• EXERCISE REQUIREMENTS
Print everything in the records exactly. Leave the pictures out.
§ §
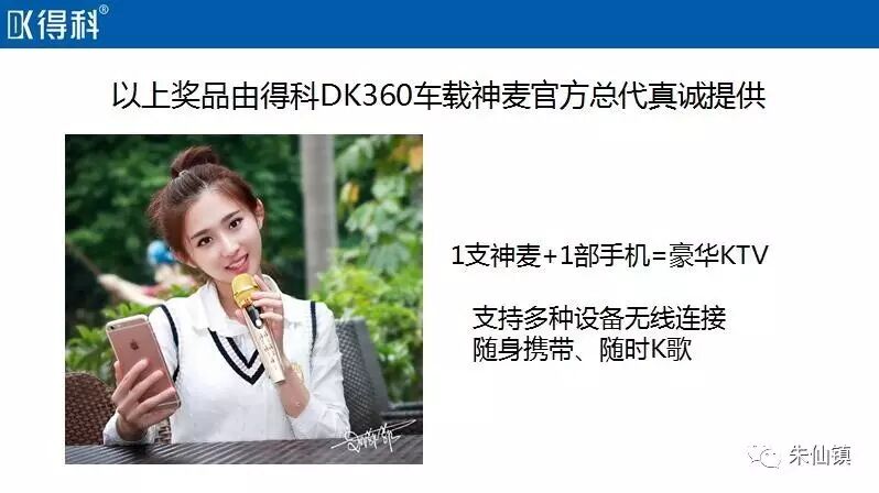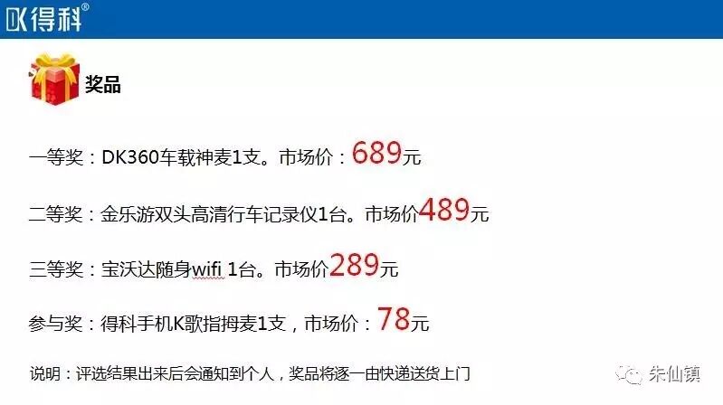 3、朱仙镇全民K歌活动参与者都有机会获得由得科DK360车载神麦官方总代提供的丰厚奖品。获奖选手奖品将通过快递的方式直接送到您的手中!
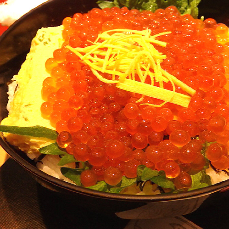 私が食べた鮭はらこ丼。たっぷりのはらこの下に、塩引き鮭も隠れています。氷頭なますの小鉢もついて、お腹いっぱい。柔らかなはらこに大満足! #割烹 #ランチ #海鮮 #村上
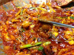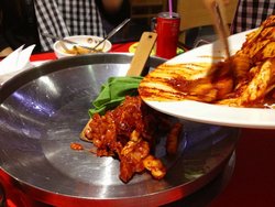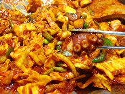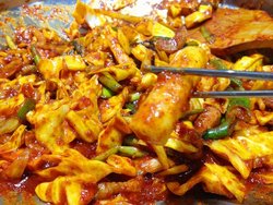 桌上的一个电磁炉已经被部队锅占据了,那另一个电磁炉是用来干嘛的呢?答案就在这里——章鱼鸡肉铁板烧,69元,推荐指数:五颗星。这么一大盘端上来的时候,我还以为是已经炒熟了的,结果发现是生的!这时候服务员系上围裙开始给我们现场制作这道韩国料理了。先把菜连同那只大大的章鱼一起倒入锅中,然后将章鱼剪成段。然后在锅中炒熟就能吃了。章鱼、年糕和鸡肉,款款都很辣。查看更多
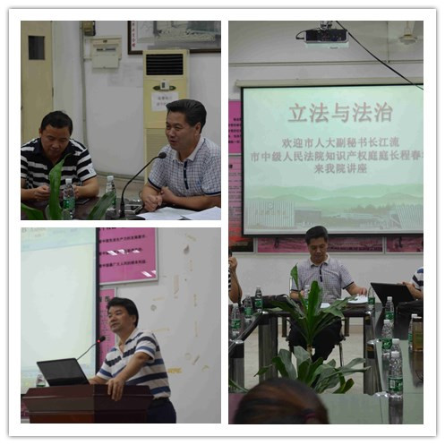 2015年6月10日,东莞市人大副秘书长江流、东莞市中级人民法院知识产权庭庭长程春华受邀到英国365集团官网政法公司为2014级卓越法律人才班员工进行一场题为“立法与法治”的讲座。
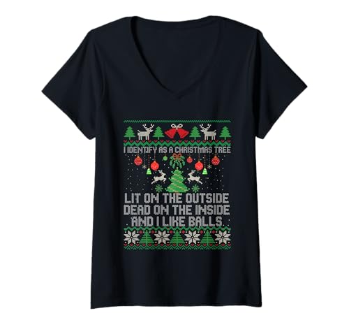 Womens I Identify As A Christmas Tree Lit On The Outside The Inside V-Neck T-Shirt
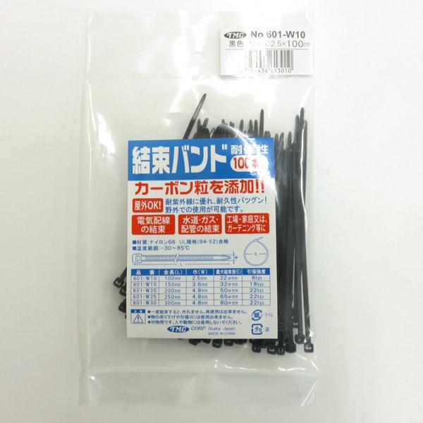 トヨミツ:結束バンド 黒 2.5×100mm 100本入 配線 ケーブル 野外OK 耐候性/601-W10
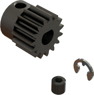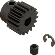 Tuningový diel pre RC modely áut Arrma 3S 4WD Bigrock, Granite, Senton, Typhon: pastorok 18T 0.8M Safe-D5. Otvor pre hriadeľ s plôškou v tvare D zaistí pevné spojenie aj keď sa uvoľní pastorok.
§ §
• WRITTEN SOLUTION
 3、朱仙镇全民K歌活动参与者都有机会获得由得科DK360车载神麦官方总代提供的丰厚奖品。获奖选手奖品将通过快递的方式直接送到您的手中!
 私が食べた鮭はらこ丼。たっぷりのはらこの下に、塩引き鮭も隠れています。氷頭なますの小鉢もついて、お腹いっぱい。柔らかなはらこに大満足! #割烹 #ランチ #海鮮 #村上
 桌上的一个电磁炉已经被部队锅占据了,那另一个电磁炉是用来干嘛的呢?答案就在这里——章鱼鸡肉铁板烧,69元,推荐指数:五颗星。这么一大盘端上来的时候,我还以为是已经炒熟了的,结果发现是生的!这时候服务员系上围裙开始给我们现场制作这道韩国料理了。先把菜连同那只大大的章鱼一起倒入锅中,然后将章鱼剪成段。然后在锅中炒熟就能吃了。章鱼、年糕和鸡肉,款款都很辣。查看更多
 2015年6月10日,东莞市人大副秘书长江流、东莞市中级人民法院知识产权庭庭长程春华受邀到英国365集团官网政法公司为2014级卓越法律人才班员工进行一场题为“立法与法治”的讲座。
 Womens I Identify As A Christmas Tree Lit On The Outside The Inside V-Neck T-Shirt
 トヨミツ:結束バンド 黒 2.5×100mm 100本入 配線 ケーブル 野外OK 耐候性/601-W10
 Tuningový diel pre RC modely áut Arrma 3S 4WD Bigrock, Granite, Senton, Typhon: pastorok 18T 0.8M Safe-D5. Otvor pre hriadeľ s plôškou v tvare D zaistí pevné spojenie aj keď sa uvoľní pastorok.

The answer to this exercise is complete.